*TASK INSTRUCTIONS*: Leave the pictures in the listing below aside and reproduce exactly the lines starting with the one with "३० फूट विहिरीत" and going on through the one with "Помидоры нарежьте небольшими", both ends included.

*DATA EXTRACTS*:
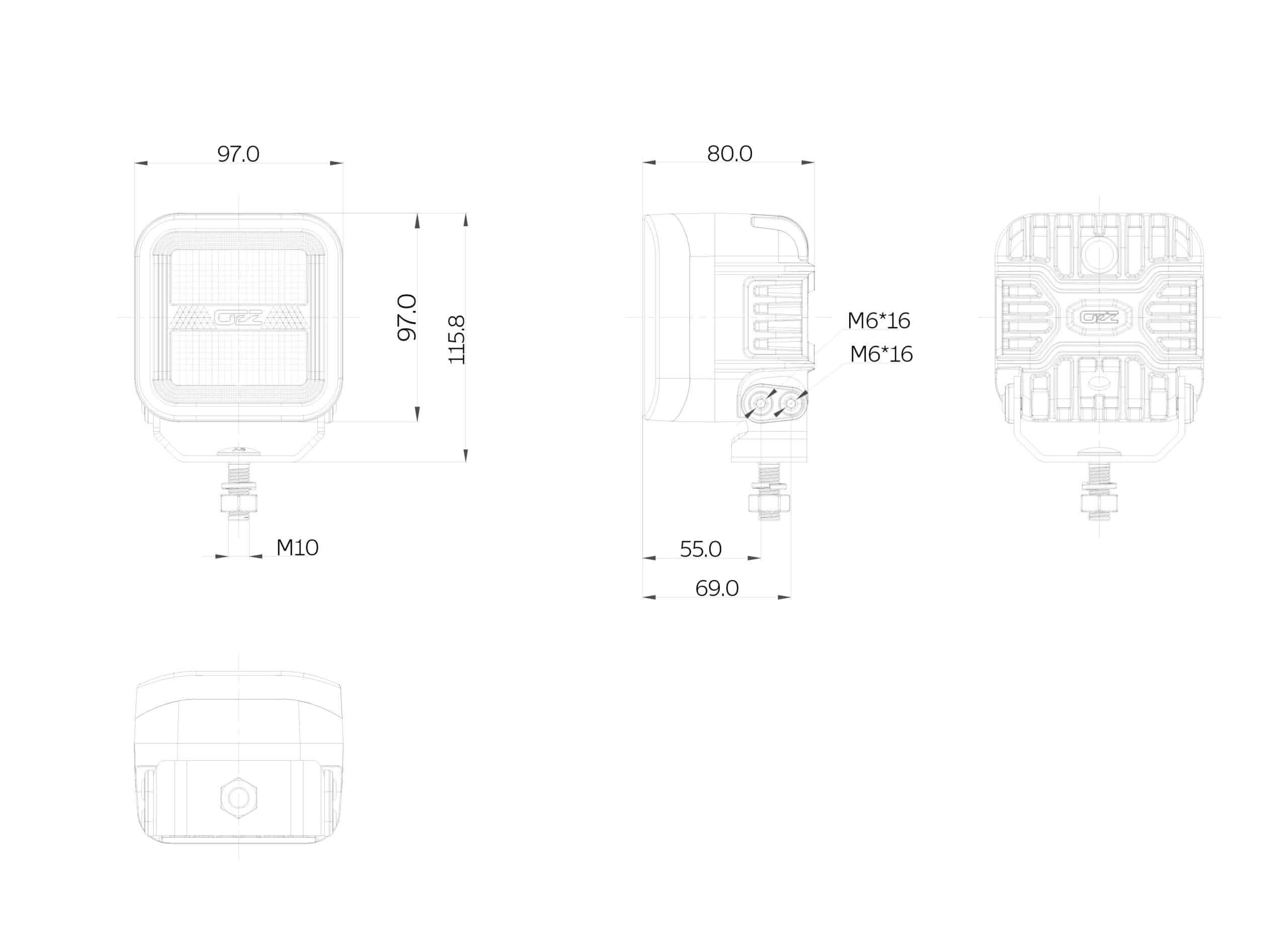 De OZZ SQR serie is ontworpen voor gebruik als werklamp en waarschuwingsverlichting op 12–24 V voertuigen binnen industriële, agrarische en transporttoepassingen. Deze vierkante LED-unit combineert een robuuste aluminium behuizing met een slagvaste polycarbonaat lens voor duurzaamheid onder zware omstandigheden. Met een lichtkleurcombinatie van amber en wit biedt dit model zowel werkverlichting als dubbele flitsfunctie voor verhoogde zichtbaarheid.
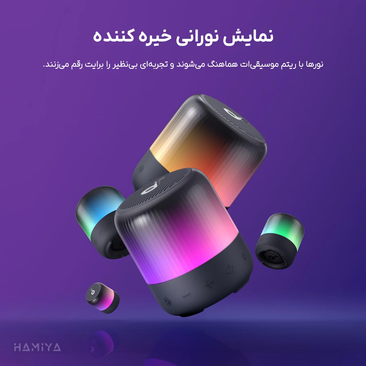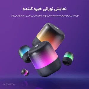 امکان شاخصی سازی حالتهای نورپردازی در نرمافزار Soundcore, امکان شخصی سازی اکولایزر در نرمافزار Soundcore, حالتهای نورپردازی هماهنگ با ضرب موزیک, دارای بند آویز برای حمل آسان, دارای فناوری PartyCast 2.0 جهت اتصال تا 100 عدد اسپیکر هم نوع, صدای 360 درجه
---
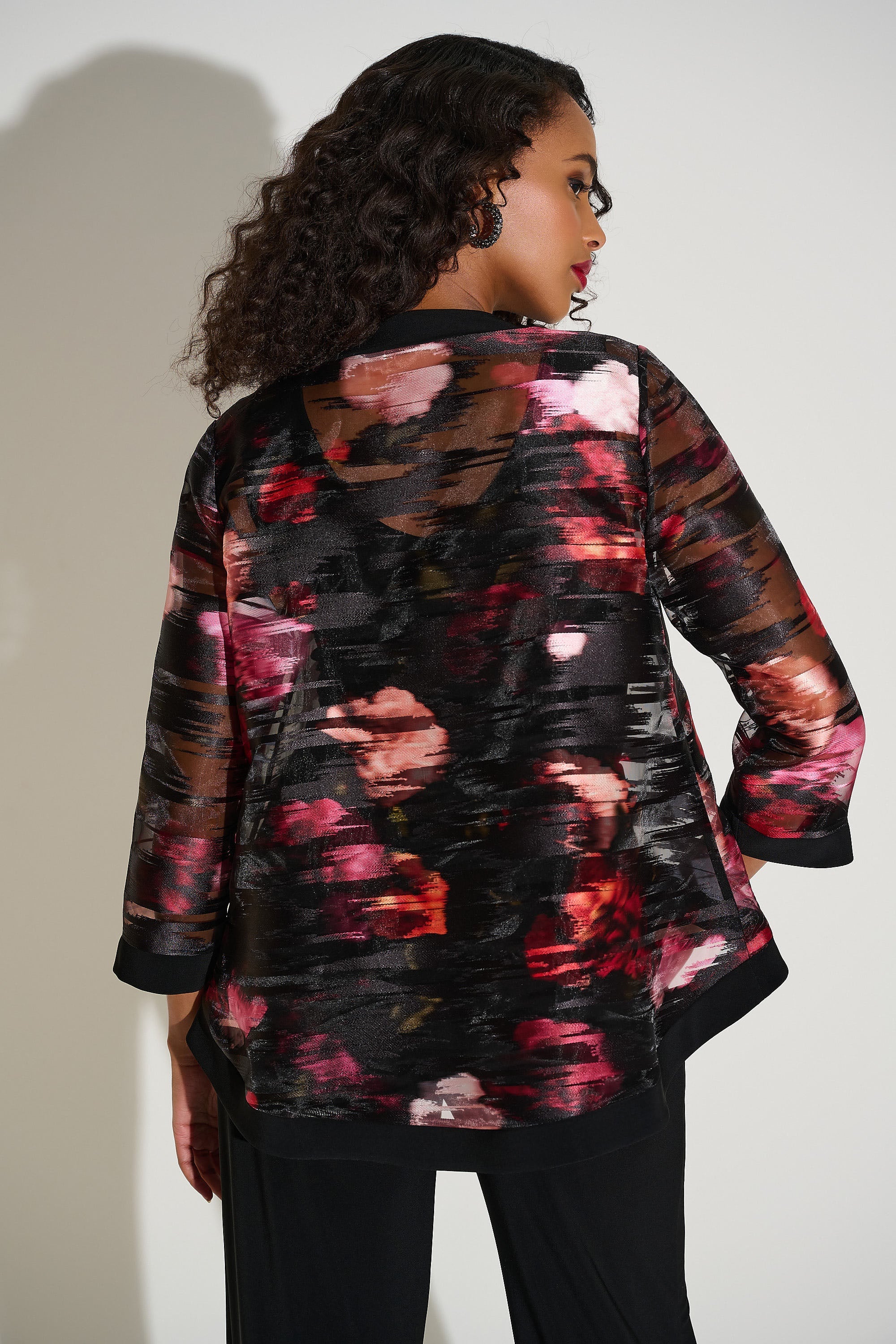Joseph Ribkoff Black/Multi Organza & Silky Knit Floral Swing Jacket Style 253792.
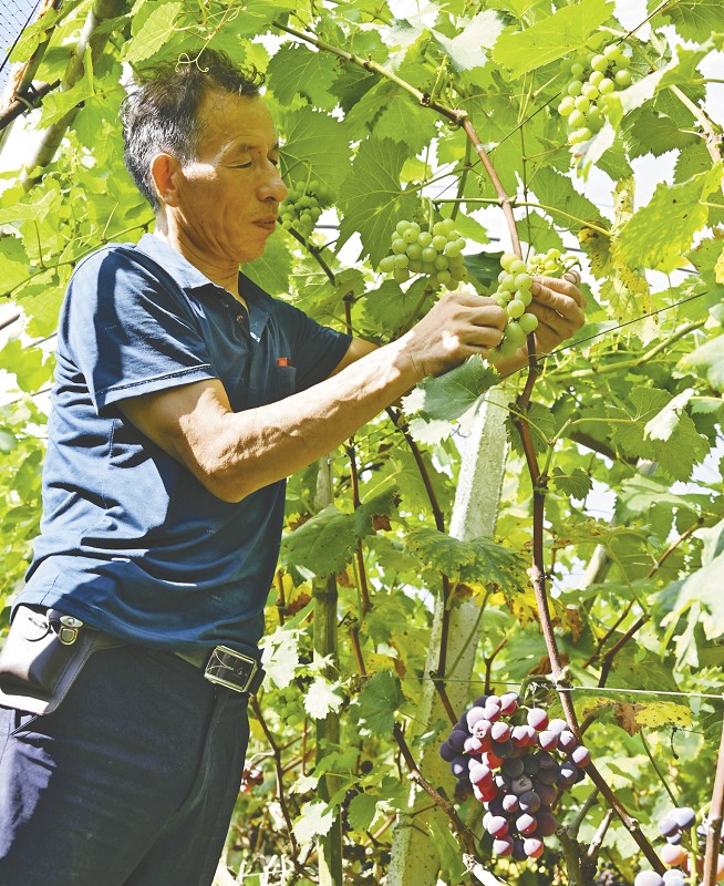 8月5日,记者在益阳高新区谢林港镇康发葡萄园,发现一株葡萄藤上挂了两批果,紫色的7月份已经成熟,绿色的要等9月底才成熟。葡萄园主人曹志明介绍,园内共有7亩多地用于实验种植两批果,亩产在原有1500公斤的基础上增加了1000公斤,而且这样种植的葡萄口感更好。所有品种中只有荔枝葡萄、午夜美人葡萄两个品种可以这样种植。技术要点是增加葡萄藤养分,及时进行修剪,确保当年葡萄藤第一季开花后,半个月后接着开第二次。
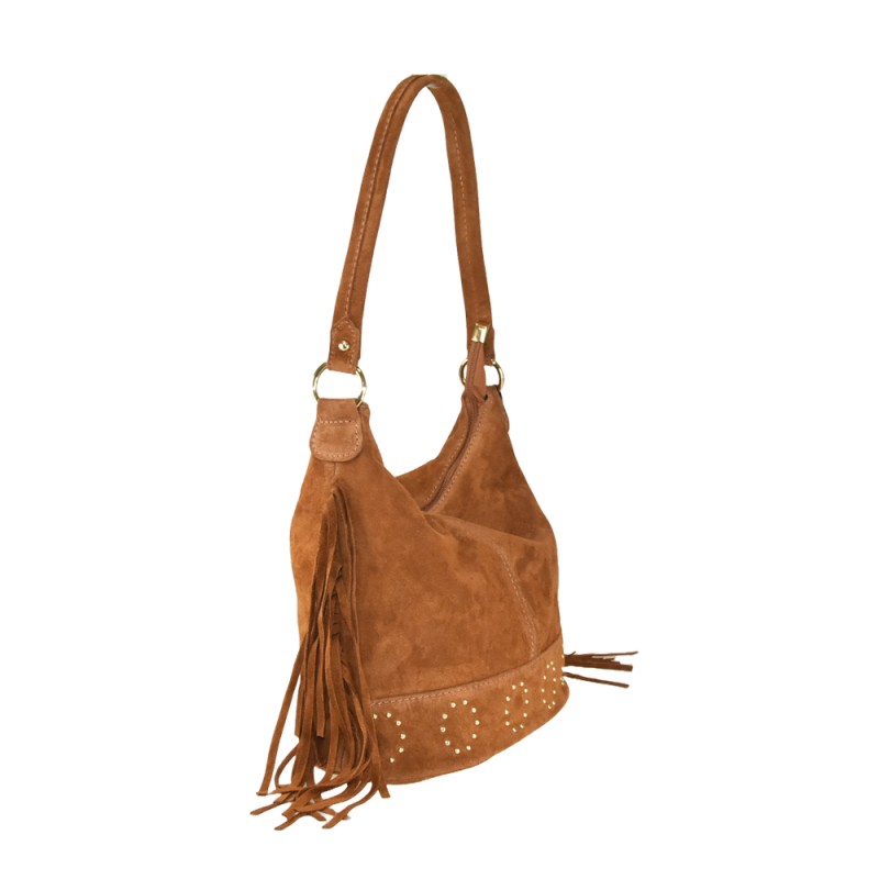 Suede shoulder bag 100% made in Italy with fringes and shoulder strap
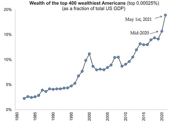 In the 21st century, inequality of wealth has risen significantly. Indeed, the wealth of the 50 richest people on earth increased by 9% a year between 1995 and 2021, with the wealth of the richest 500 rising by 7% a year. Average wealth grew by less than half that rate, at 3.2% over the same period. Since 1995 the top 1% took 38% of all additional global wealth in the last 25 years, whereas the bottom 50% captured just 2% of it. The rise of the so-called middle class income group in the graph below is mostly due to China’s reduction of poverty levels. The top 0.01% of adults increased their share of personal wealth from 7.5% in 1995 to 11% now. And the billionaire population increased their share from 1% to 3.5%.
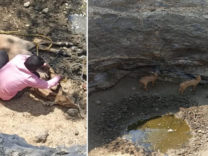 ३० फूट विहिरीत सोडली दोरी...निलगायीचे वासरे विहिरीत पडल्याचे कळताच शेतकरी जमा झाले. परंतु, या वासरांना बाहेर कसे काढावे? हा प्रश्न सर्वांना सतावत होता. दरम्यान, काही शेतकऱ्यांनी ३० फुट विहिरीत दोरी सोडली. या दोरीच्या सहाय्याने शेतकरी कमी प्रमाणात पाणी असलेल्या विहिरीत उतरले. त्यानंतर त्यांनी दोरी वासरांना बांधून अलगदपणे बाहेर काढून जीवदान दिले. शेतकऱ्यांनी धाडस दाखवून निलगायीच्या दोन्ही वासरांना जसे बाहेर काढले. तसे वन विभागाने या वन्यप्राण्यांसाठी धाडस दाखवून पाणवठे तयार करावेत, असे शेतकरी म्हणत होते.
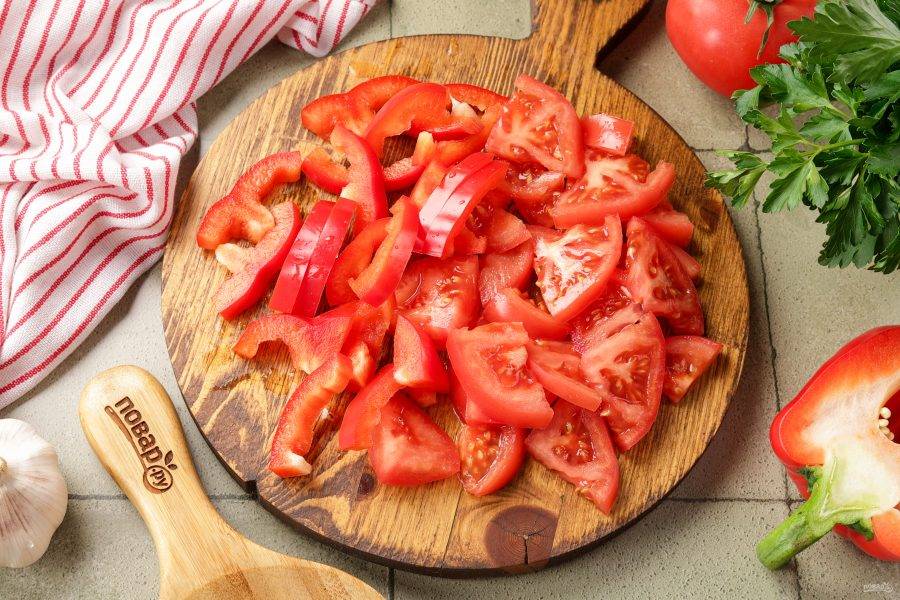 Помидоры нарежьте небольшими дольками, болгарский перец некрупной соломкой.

*REPLY*:
 ३० फूट विहिरीत सोडली दोरी...निलगायीचे वासरे विहिरीत पडल्याचे कळताच शेतकरी जमा झाले. परंतु, या वासरांना बाहेर कसे काढावे? हा प्रश्न सर्वांना सतावत होता. दरम्यान, काही शेतकऱ्यांनी ३० फुट विहिरीत दोरी सोडली. या दोरीच्या सहाय्याने शेतकरी कमी प्रमाणात पाणी असलेल्या विहिरीत उतरले. त्यानंतर त्यांनी दोरी वासरांना बांधून अलगदपणे बाहेर काढून जीवदान दिले. शेतकऱ्यांनी धाडस दाखवून निलगायीच्या दोन्ही वासरांना जसे बाहेर काढले. तसे वन विभागाने या वन्यप्राण्यांसाठी धाडस दाखवून पाणवठे तयार करावेत, असे शेतकरी म्हणत होते.
 Помидоры нарежьте небольшими дольками, болгарский перец некрупной соломкой.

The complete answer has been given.